━━━━━ SOURCE MATERIAL ━━━━━

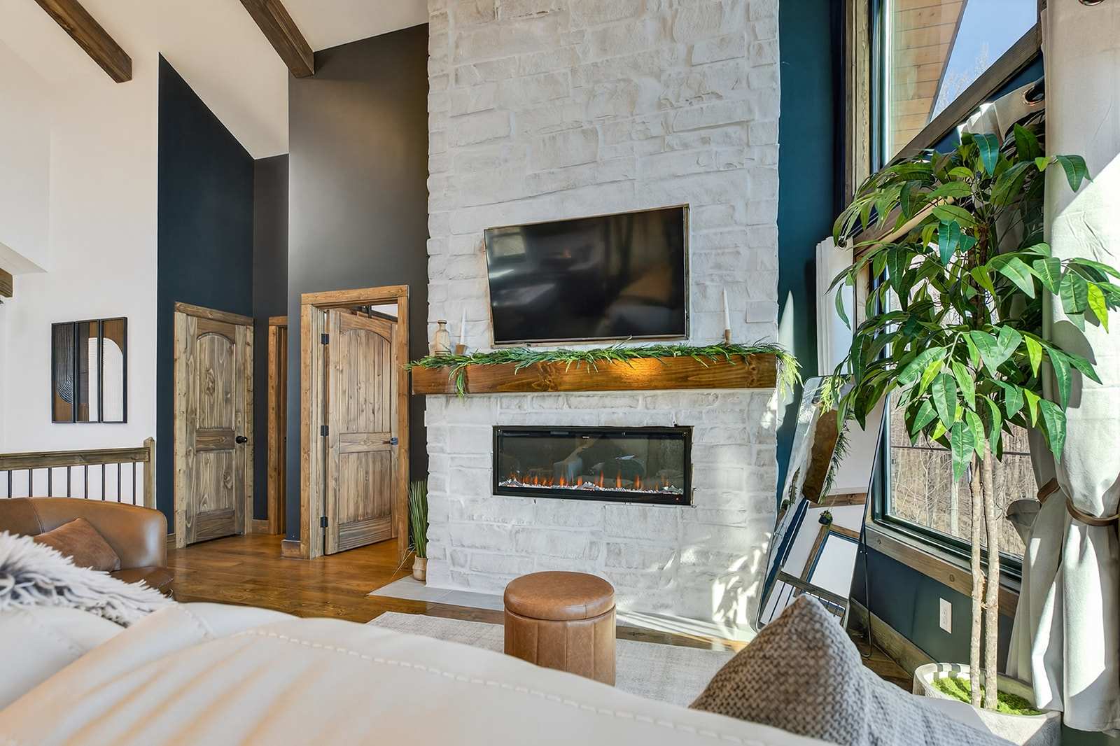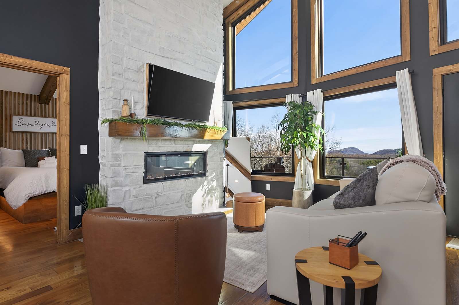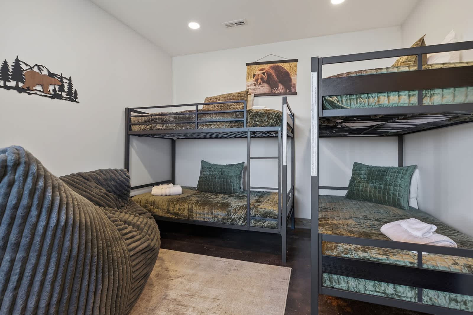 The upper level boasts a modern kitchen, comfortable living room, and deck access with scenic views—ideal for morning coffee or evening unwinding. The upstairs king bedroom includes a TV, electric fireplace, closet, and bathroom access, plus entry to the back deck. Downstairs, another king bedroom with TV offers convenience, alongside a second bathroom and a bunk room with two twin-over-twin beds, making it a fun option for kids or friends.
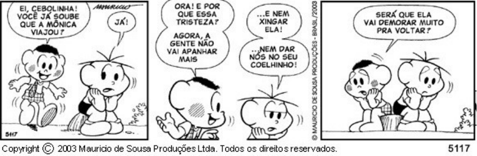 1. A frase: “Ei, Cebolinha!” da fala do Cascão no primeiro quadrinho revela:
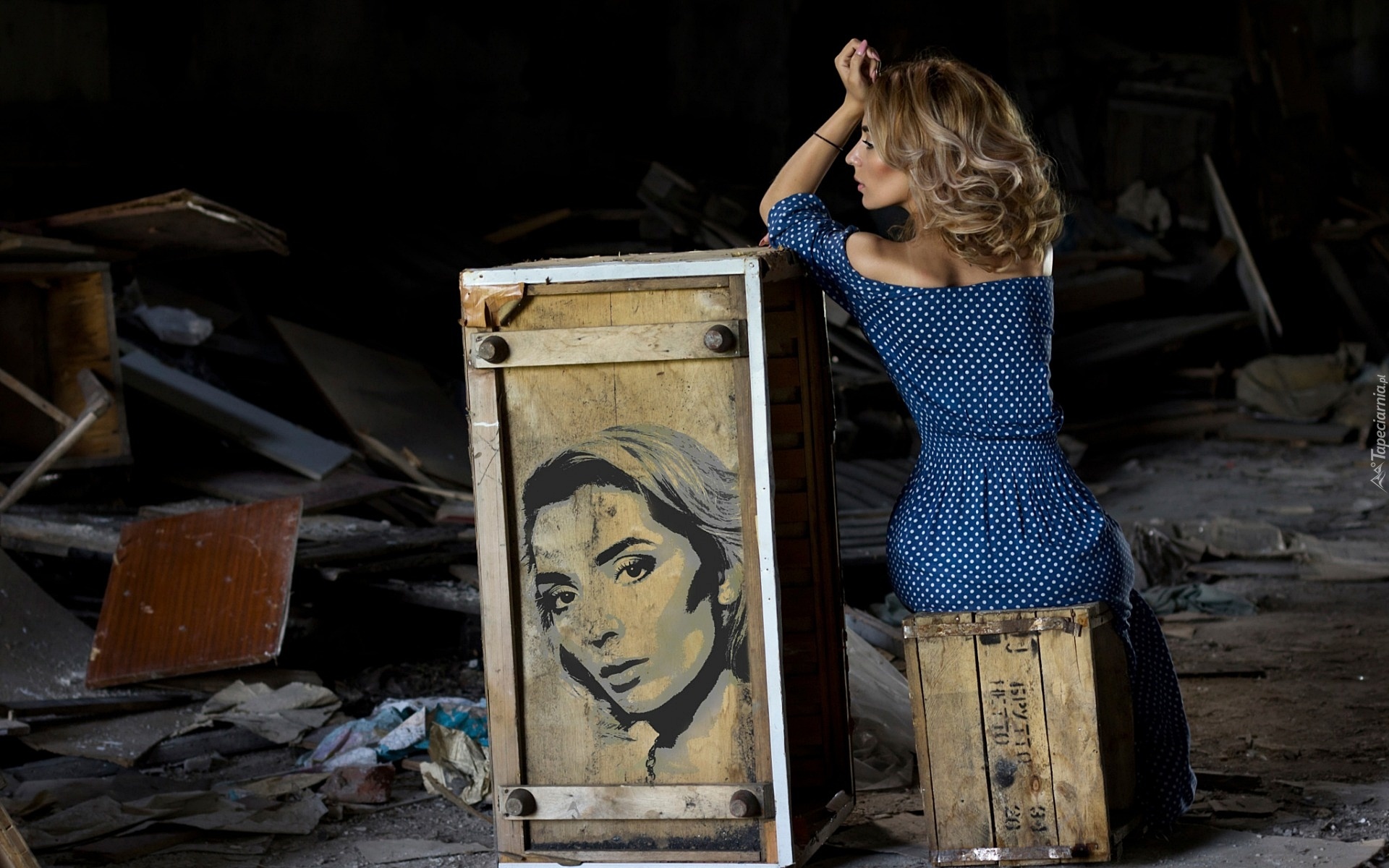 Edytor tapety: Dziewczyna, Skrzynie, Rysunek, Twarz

━━━━━

(TASK TO COMPLETE):
The output must start at the line holding "fala do Cascão", end at the last line of the listing above, and show each line exactly; please omit all pictures.

(TASK OUTPUT):
 1. A frase: “Ei, Cebolinha!” da fala do Cascão no primeiro quadrinho revela:
 Edytor tapety: Dziewczyna, Skrzynie, Rysunek, Twarz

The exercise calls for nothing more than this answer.